Hackers of India

Follow the White Rabbit: Simplifying Fuzz Testing Using FuzzExMachina

By  Bhargava Shastry  , Vincent Ulitzsch  , Dominik Maier  on 09 Aug 2018 @ Blackhat

This talk covers following tools where the speaker has contributed or authored
FEXM

Presentation Material

Abstract

Setting up a fuzzing pipeline takes time and manual effort for identifying fuzzable programs and configuring the fuzzer. Usually only large software projects with dedicated testing teams at their disposal are equipped to use fuzz testing in their Security Development Lifecycle. Other projects with limited resources cannot easily use this effective technique in their SDL. This renders the software landscape unnecessarily insecure. Especially less popular software applications are not being fuzzed due to a lack of resources and easy to use tooling.

Lowering the required skill level and effort to set up a fuzzing pipeline therefore results in a significant increase of today’s software’s security. To tackle this challenge, we developed an easy to use framework, FuzzExMachina (FExM), that reduces manual effort to a minimum.

Using clever input inference methods and containerization, we automate the fuzzing pipeline from start to end in a scalable fashion. We support acquiring binaries from a variety of sources, including blackbox binaries and source code repositories. In cases for which FExM cannot automatically achieve a high coverage, it drops users to a novel AFL mode, “Afl-TimeWarp”, in which they can set up testcases without the need to alter or understand the underlying code. AFL-TimeWarp mode allows to fuzz deeper program states without writing a single line of code, fitting FExM’s philosophy to keep it simple for users.

To test the viability of our framework, we fuzzed over one hundred packages from the Arch Linux package repository with essentially zero effort. After only a few days, we already found 11 crashes, six of which were exploitable. This shows how FExM permits automated distributed fuzzing of applications; crash exploitability classification; and is equipped with a web front end for navigating security issues in a convenient way. Our work automatically retrofits fuzzing into the security development lifecycle.

AI Generated Summarymay contain errors

The speaker is discussing a fully automated fuzzing test framework for identifying bugs in software. The framework uses containerization and can be used with various binaries or distributions. It has already found numerous bugs, , including crashes and out-of-bounds reads, , in popular tools like Bash and Lib PNG.

The speaker demonstrates the framework’s capabilities by showing how it can interact with a command prompt and crash a binary after entering a test input. They also highlight the challenges of getting bug reports addressed, by developers and maintainers, citing examples where fixes were not implemented or responses were unhelpful.

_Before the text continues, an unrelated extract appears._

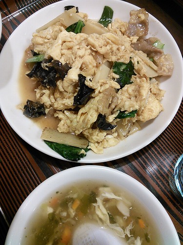 私は、キクラゲと卵の炒め物定食にしました。ご飯減らして貰うの忘れてた・・・orz
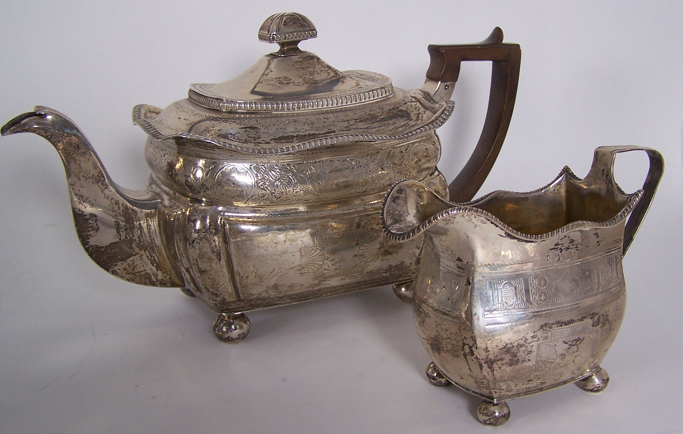 Dublin 1812, maker's mark TJC, marks to milk jug worn, of shaped rectangular outline, with beaded everted wavy rim, the bodies decorated with wriggle-work borders, cartouches and engraved floral and star borders, raised on ball feet

The goal of the project is to improve the framework and scale it to more repositories, such as GitHub, to identify and fix bugs more efficiently. The speaker emphasizes that while fully automated solutions are valuable , human intervention is still necessary to improve the tool and make it more effective.

Finally, the speaker announces the release of the framework to the public and invites others to contribute to the project on GitHub. They conclude by emphasizing the importance of addressing simple memory corruptions and encouraging the audience to try out the framework.